> Exercise input:

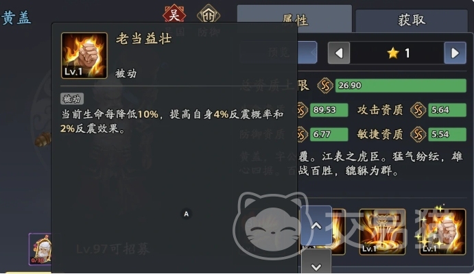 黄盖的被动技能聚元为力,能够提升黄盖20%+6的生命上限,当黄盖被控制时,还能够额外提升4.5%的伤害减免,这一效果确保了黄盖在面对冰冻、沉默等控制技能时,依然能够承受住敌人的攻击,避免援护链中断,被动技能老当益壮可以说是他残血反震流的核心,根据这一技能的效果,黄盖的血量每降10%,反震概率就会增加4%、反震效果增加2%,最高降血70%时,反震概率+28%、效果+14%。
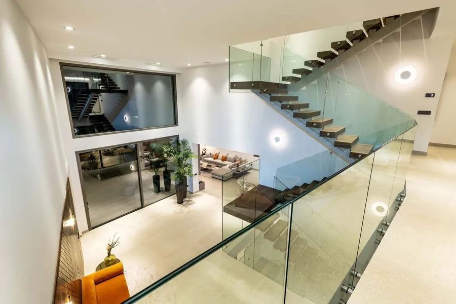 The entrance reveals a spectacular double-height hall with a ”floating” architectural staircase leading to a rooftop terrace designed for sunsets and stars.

...

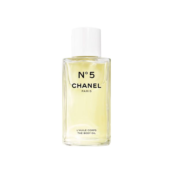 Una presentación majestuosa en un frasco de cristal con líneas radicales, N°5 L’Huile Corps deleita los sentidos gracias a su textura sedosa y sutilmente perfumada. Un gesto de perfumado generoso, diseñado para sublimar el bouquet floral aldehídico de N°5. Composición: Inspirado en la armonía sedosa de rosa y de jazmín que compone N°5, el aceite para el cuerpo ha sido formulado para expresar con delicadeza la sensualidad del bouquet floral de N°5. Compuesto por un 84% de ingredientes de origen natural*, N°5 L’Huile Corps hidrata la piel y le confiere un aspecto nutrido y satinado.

--

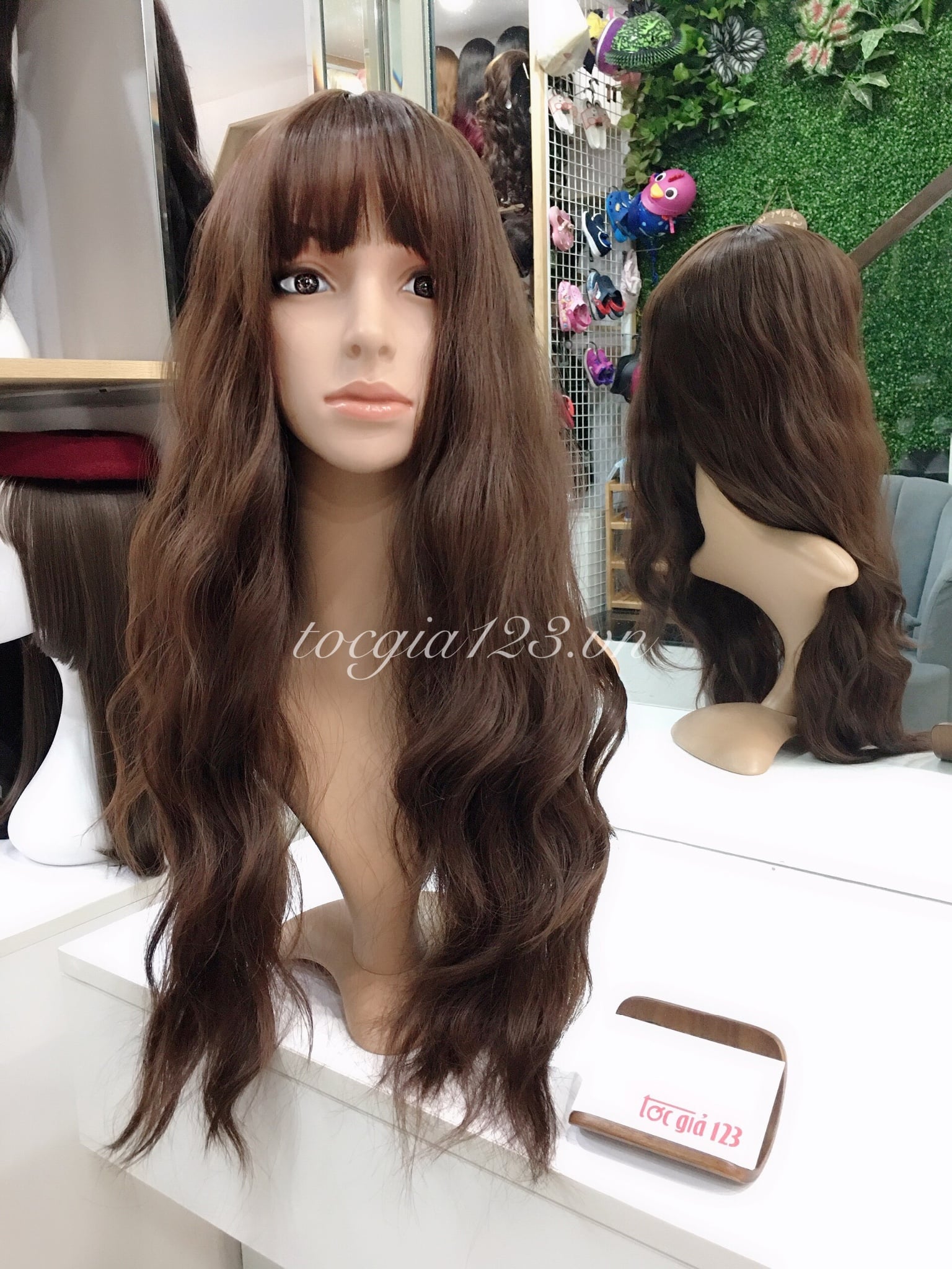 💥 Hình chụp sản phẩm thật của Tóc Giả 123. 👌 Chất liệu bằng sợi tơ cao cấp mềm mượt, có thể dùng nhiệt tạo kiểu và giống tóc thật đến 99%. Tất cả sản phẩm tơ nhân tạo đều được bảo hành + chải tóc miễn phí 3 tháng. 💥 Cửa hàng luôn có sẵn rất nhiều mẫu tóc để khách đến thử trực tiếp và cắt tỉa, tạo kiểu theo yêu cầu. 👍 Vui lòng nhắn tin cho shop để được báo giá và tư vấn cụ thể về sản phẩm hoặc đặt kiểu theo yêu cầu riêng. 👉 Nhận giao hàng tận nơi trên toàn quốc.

> Directions for this task:
Please output, exactly as written, the lines above from the one holding "黄盖的被动技能聚元为力,能够" through the one holding "The entrance reveals", both included, with the pictures omitted.

> Answer to the exercise:
 黄盖的被动技能聚元为力,能够提升黄盖20%+6的生命上限,当黄盖被控制时,还能够额外提升4.5%的伤害减免,这一效果确保了黄盖在面对冰冻、沉默等控制技能时,依然能够承受住敌人的攻击,避免援护链中断,被动技能老当益壮可以说是他残血反震流的核心,根据这一技能的效果,黄盖的血量每降10%,反震概率就会增加4%、反震效果增加2%,最高降血70%时,反震概率+28%、效果+14%。
 The entrance reveals a spectacular double-height hall with a ”floating” architectural staircase leading to a rooftop terrace designed for sunsets and stars.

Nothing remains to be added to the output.